Sign me up on this one, at least in principle. He's been tampering with the warmth of the natural voice too much for several years in the studio. I love the clarity he used to get on instruments back when he really was a superb engineer—from 1976 through about 1984. But in recent years, I think his ear has let him down. Already by 1979, some critics were pointing out that some tracks had an opaque, willowy echo on them, like strands of weeds in a burbling brook. That approach has become Lindsey's hallmark now, unfortunately for me. I no longer hear distinct tracks and their complementary qualities when I listen to something like When She Comes Down or Murrow. I hear wisps of reverb shoot through my ear like air through a seashell. The musical structure gets impaired; bars melt into one another so that you're not even sure of the passage of musical time.
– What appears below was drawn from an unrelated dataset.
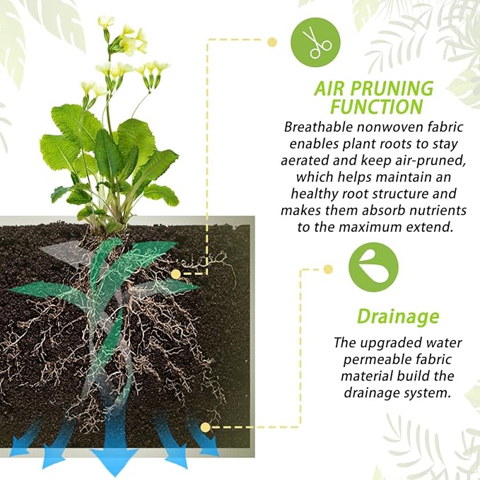- UPDATED DRAINAGE SYSTEM - Different from other brands, Linksandt raised garden bed is made of 400g non-woven fabric, which means that the grow bags are more sturdy while maintaining water permeability. So there will be no excess water left at the bottom, allowing the roots to breathe, so that the plants can grow healthier and more vigorously.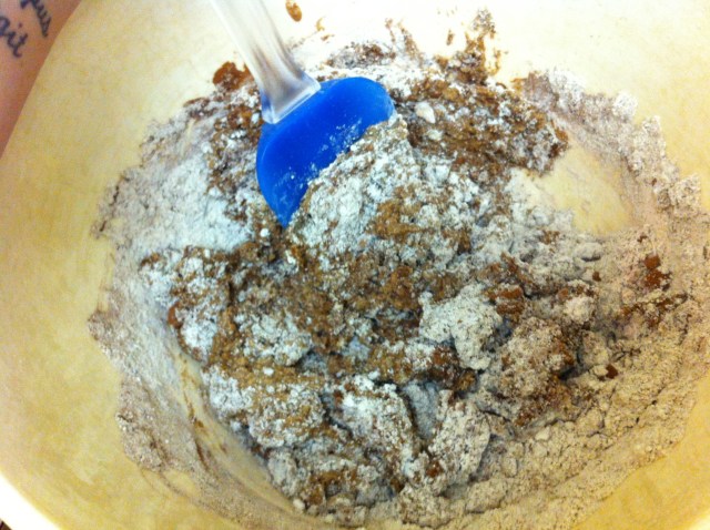 Dump the wet bowl into the dry bowl and keep on stirrin’.

In 1983 or so, when he bought himself the Fairlight CMI, instead of using it for subtle coloring (which I wish he had), he sampled the hell out of everything and painstakingly (and self-consciously) crafted a rather grunty, clubfooted monster out of bits of sonic tissue. That's how we got the Go Insane album and even the Tango in the Night album. (Play in the Rain is so over-the-top as an objet trouvé and "found sounds" that I honestly think sometimes he meant it as a self-referential joke.) Lindsey turned a lot of his studio music into "art" music, or into an Eighties and Nineties version of prog, and its turned out to be less interesting on repeat than the Never Going Back Again or It Was I style of production.

Go back to the rough takes and early dubs of I Know I'm Not Wrong on the Tusk deluxe. Those jump out of the speaker at you—they're so playful and soulful. What ever happened to that Lindsey?

Also, about the I Don't Want to Know stuff that we're all talking about, don't forget that the Penguin ran a bunch of Q&As years ago, and one or two of them were with people from the Buckingham Nicks band, like Hoppy Hodges. They talk a little bit about that song and several others that got recorded for later Fleetwood albums. Don't forget to read them (or reread them if you're an old timer here).